• **REQUIRED WORK**
This exercise asks for the entries to be repeated exactly, without their images.
[Opening DATA TO PROCESS section]
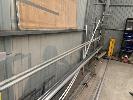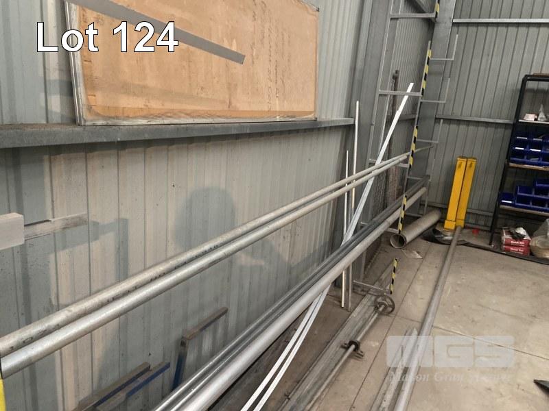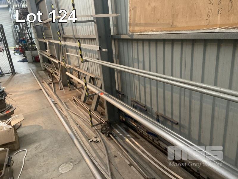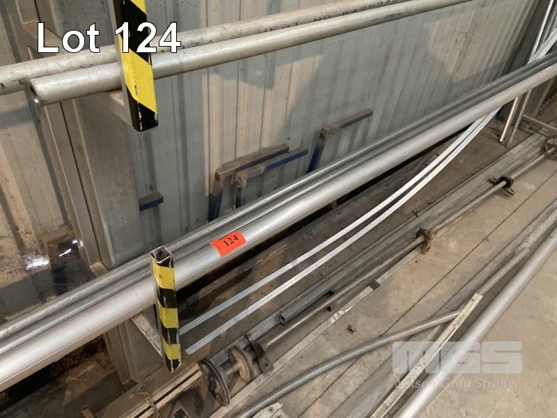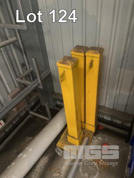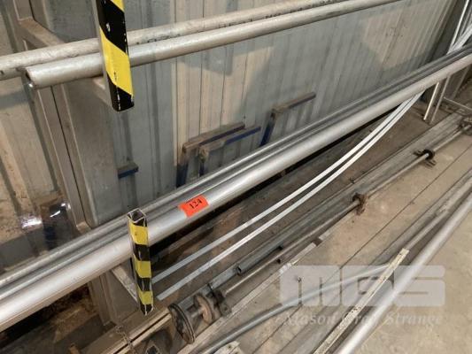 ASSORTED ALUMINIUM TUBE RECT SECTION, ANGLE, ETC CONTENTS RACK & 3 x YELLOW BOLLARDS
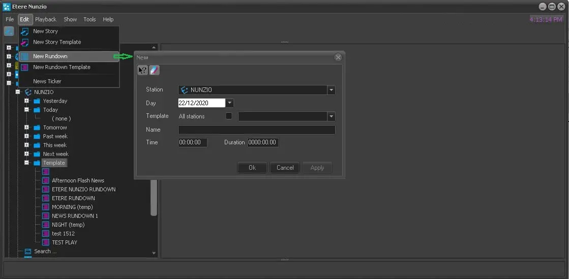 From the main menu, click on Edit menu and select New Rundown to create a new rundown.
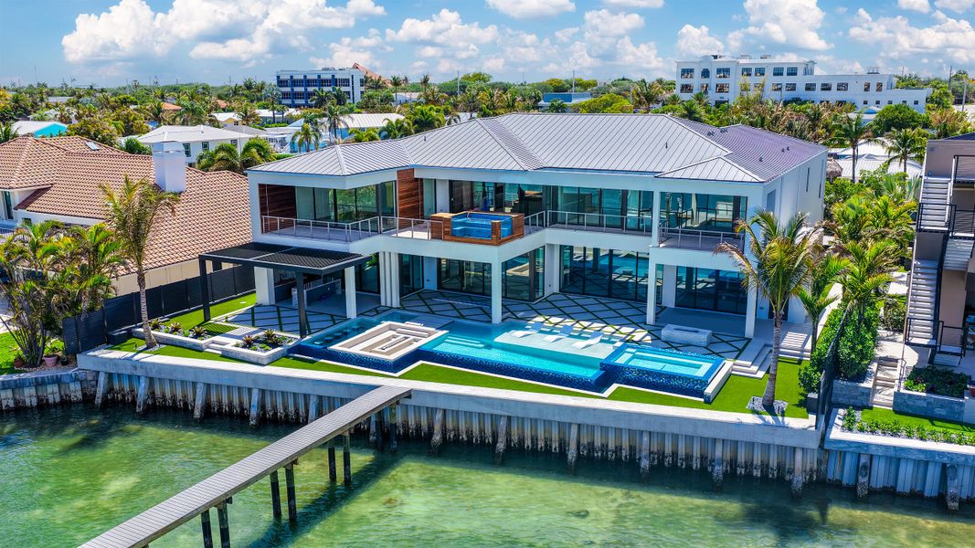 Built by award-winning High Tide Waterfront Properties on Jupiter's iconic Bahamian-blue Intracoastal, this brand-new residence delivers a true sense of arrival with standout design and thoughtful execution throughout. From the moment you enter, your eye is drawn through the home to the beautiful blue water views beyond, setting the tone for the living experience inside. Expansive living spaces are finished with high-end materials and meticulous attention to detail. High Tide is known for thoughtfully building homes that make the experience of living in them unmatched, and this property is no exception. Designed for entertaining, the backyard features multiple fire pits, a fully equipped outdoor kitchen, a waterfall feature, and inviting spaces to gather and relax along the water, creating an atmosphere that draws friends and family in. The chef's kitchen is outfitted with top-of-the-line appliances and designed to seamlessly connect to the home's main living and entertaining areas, including a club room ideal for hosting. Both first and second floor primary suites offer flexibility and privacy, while the second-floor balcony showcases a hot tub with sweeping Intracoastal views. Complete with a 32,000-pound boat lift and direct ocean access with no fixed bridges, this property delivers the ultimate Jupiter waterfront lifestyle. There is simply too much to capture in words—this is a home that must be experienced in person to fully appreciate.
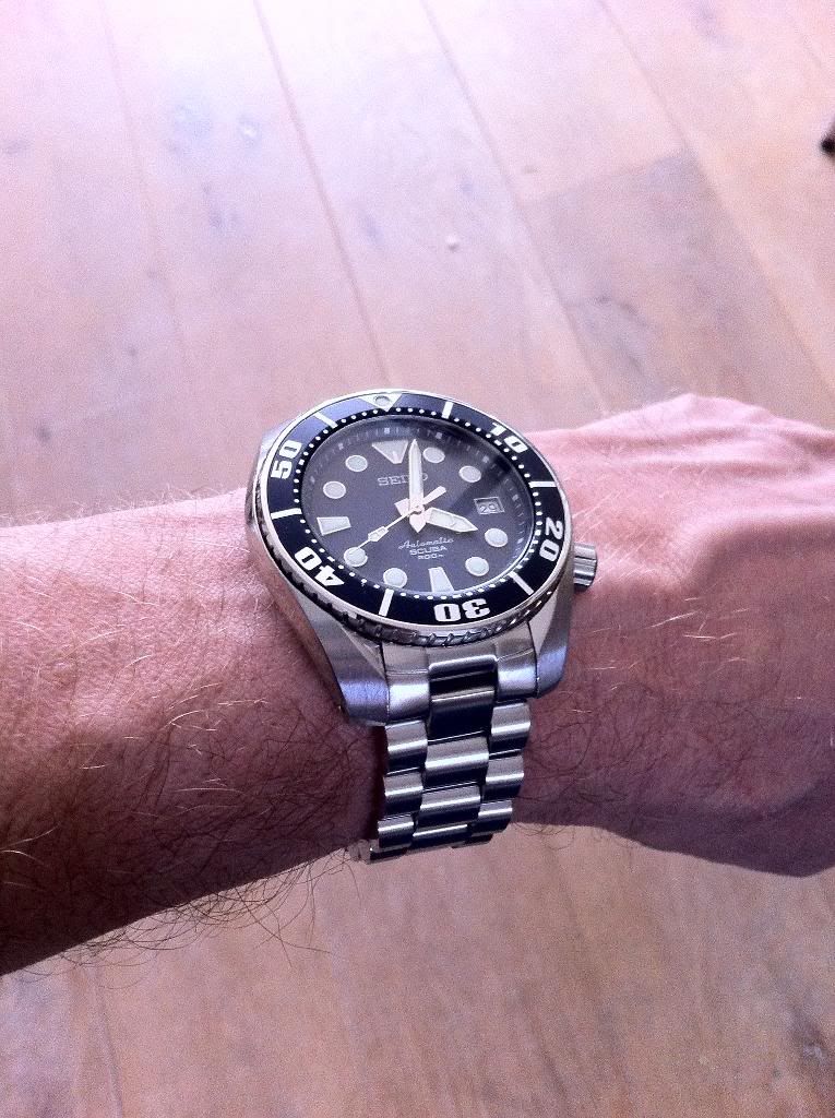 Toch de originele sluiting van de Sumo maar overgezet. Ik had het eerst met een andere Seiko-sluiting geprobeerd, lukte niet, maar met wat gewroet deed de originele sluiting het wel.
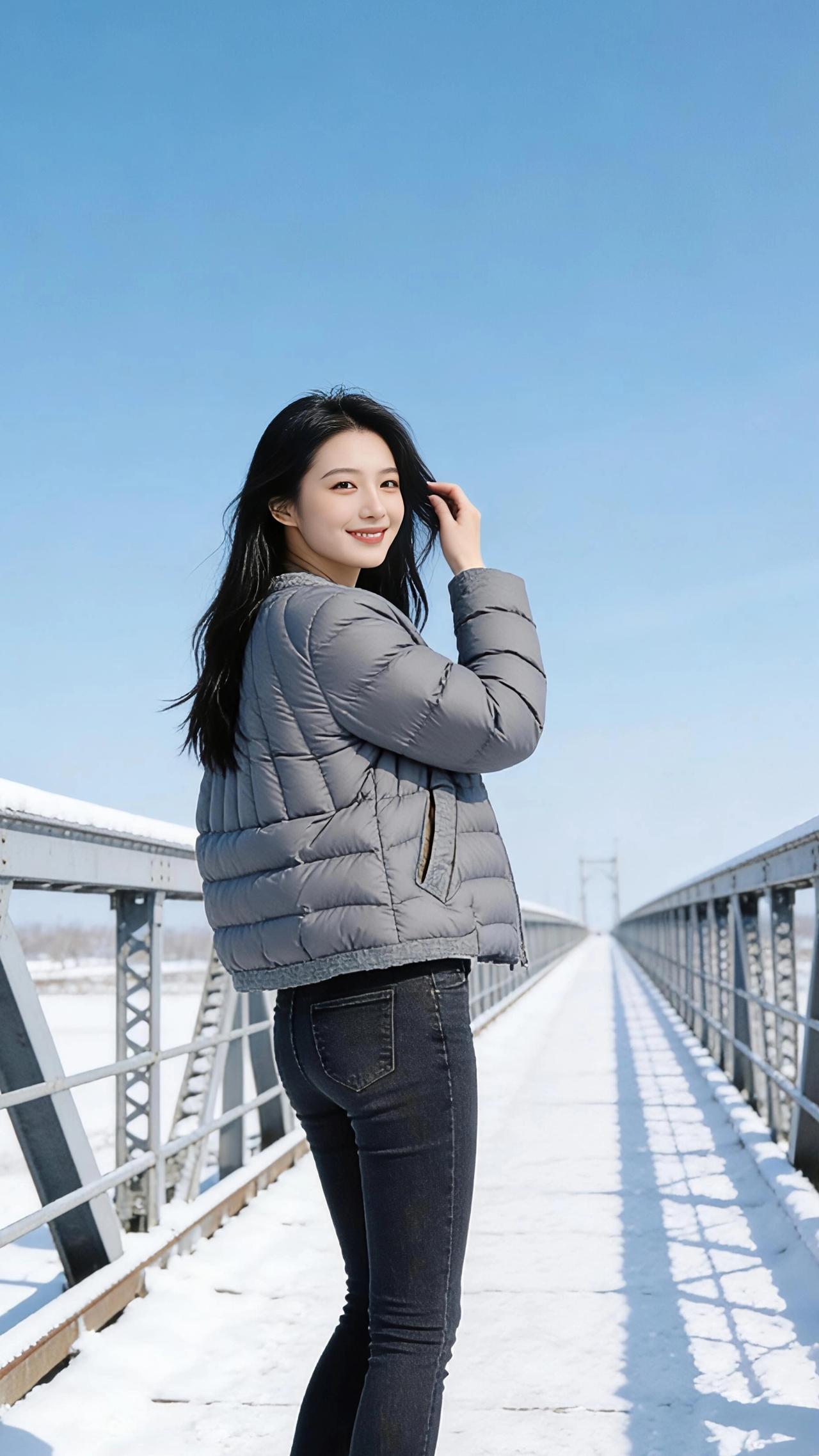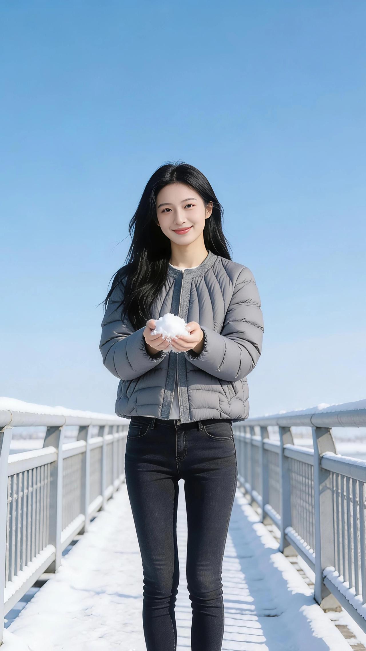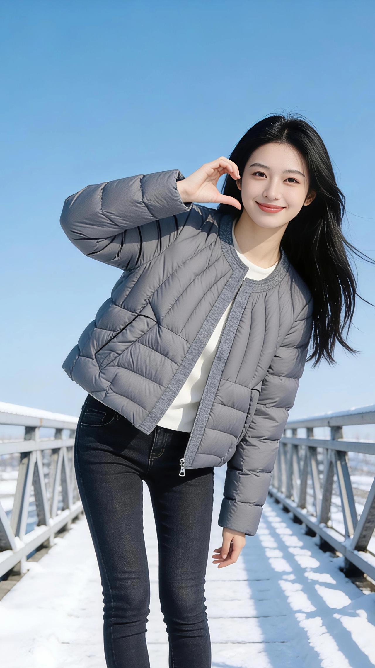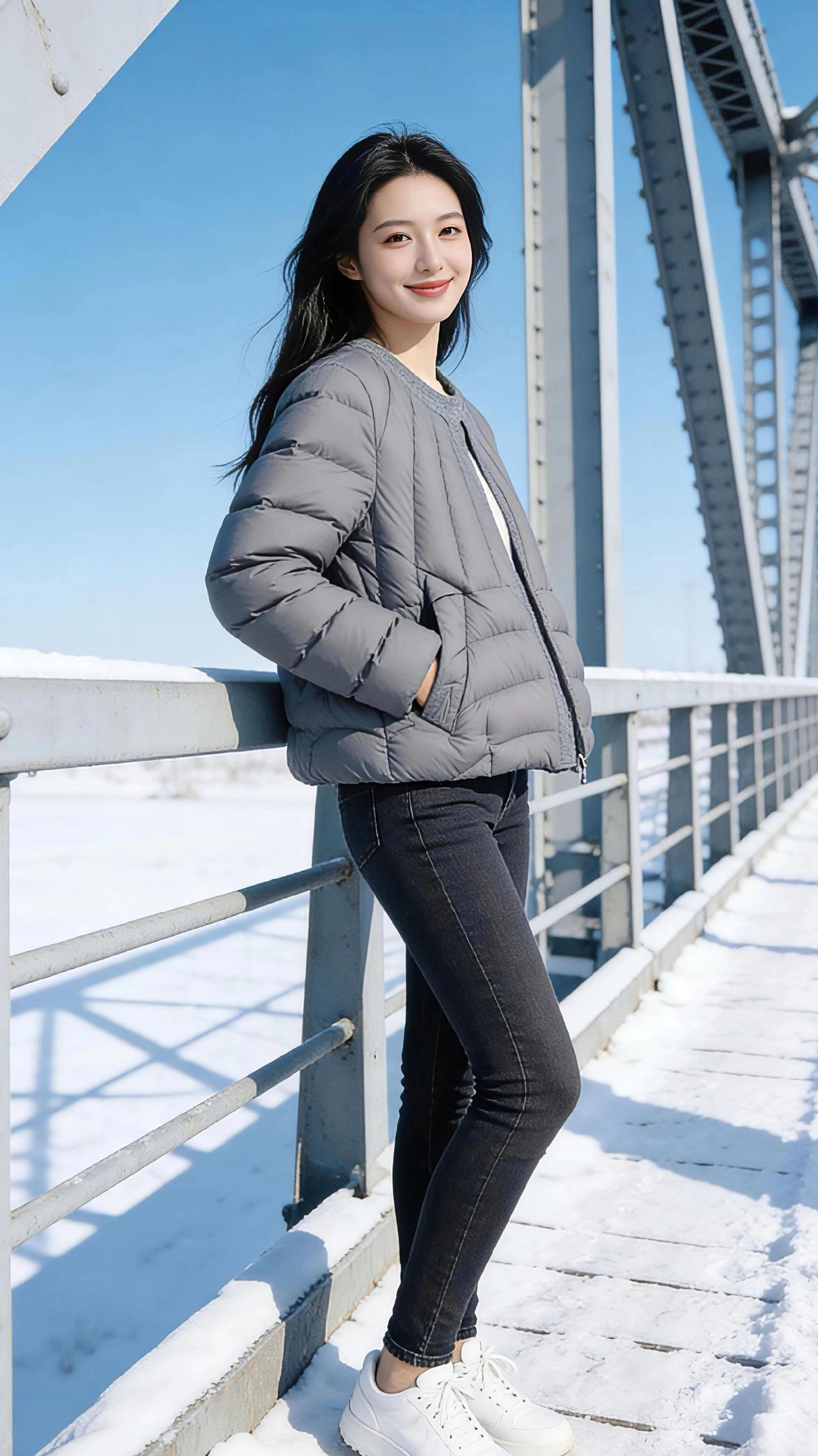 雪桥暖阳 冬日的风掠过江面,卷着碎雪扑在钢铁桥栏上,却被头顶的晴蓝揉碎了寒意。我立在覆雪的桥板上,灰色薄羽绒服裹着周身,指尖触到的雪团凉丝丝的,却抵不过阳光落在肩头的温软。 抬手比出半轮心影,框住的是澄澈如洗的天,还有桥那头望不尽的雪原。长发被风撩起几缕,拂过脸颊时,像触到了冬日里最轻柔的絮语。转身倚着栏杆,牛仔裤的裤脚蹭到积雪,发出细碎的声响,脚下的白与远处的白连成一片,天地间只剩蓝与白的交响,还有这抹灰扑扑的暖。 捧一捧雪在掌心,松松软软的,像攥住了整个冬日的温柔。阳光穿过雪粒的缝隙,在指缝间跳荡出细碎的光。这座雪桥成了冬日的渡口,渡我避开尘世的喧嚣,只与暖阳、白雪,还有此刻的自己相拥。风还在吹,却吹不散唇边的笑意,原来冬日的美好,从来都藏在这晴蓝下的一隅温柔里。 高级感穿搭 小个子穿搭 冬款穿搭 棉服外套
[Closing DATA TO PROCESS section]
• **OUTPUT BELOW**
 ASSORTED ALUMINIUM TUBE RECT SECTION, ANGLE, ETC CONTENTS RACK & 3 x YELLOW BOLLARDS
 From the main menu, click on Edit menu and select New Rundown to create a new rundown.
 Built by award-winning High Tide Waterfront Properties on Jupiter's iconic Bahamian-blue Intracoastal, this brand-new residence delivers a true sense of arrival with standout design and thoughtful execution throughout. From the moment you enter, your eye is drawn through the home to the beautiful blue water views beyond, setting the tone for the living experience inside. Expansive living spaces are finished with high-end materials and meticulous attention to detail. High Tide is known for thoughtfully building homes that make the experience of living in them unmatched, and this property is no exception. Designed for entertaining, the backyard features multiple fire pits, a fully equipped outdoor kitchen, a waterfall feature, and inviting spaces to gather and relax along the water, creating an atmosphere that draws friends and family in. The chef's kitchen is outfitted with top-of-the-line appliances and designed to seamlessly connect to the home's main living and entertaining areas, including a club room ideal for hosting. Both first and second floor primary suites offer flexibility and privacy, while the second-floor balcony showcases a hot tub with sweeping Intracoastal views. Complete with a 32,000-pound boat lift and direct ocean access with no fixed bridges, this property delivers the ultimate Jupiter waterfront lifestyle. There is simply too much to capture in words—this is a home that must be experienced in person to fully appreciate.
 Toch de originele sluiting van de Sumo maar overgezet. Ik had het eerst met een andere Seiko-sluiting geprobeerd, lukte niet, maar met wat gewroet deed de originele sluiting het wel.
 雪桥暖阳 冬日的风掠过江面,卷着碎雪扑在钢铁桥栏上,却被头顶的晴蓝揉碎了寒意。我立在覆雪的桥板上,灰色薄羽绒服裹着周身,指尖触到的雪团凉丝丝的,却抵不过阳光落在肩头的温软。 抬手比出半轮心影,框住的是澄澈如洗的天,还有桥那头望不尽的雪原。长发被风撩起几缕,拂过脸颊时,像触到了冬日里最轻柔的絮语。转身倚着栏杆,牛仔裤的裤脚蹭到积雪,发出细碎的声响,脚下的白与远处的白连成一片,天地间只剩蓝与白的交响,还有这抹灰扑扑的暖。 捧一捧雪在掌心,松松软软的,像攥住了整个冬日的温柔。阳光穿过雪粒的缝隙,在指缝间跳荡出细碎的光。这座雪桥成了冬日的渡口,渡我避开尘世的喧嚣,只与暖阳、白雪,还有此刻的自己相拥。风还在吹,却吹不散唇边的笑意,原来冬日的美好,从来都藏在这晴蓝下的一隅温柔里。 高级感穿搭 小个子穿搭 冬款穿搭 棉服外套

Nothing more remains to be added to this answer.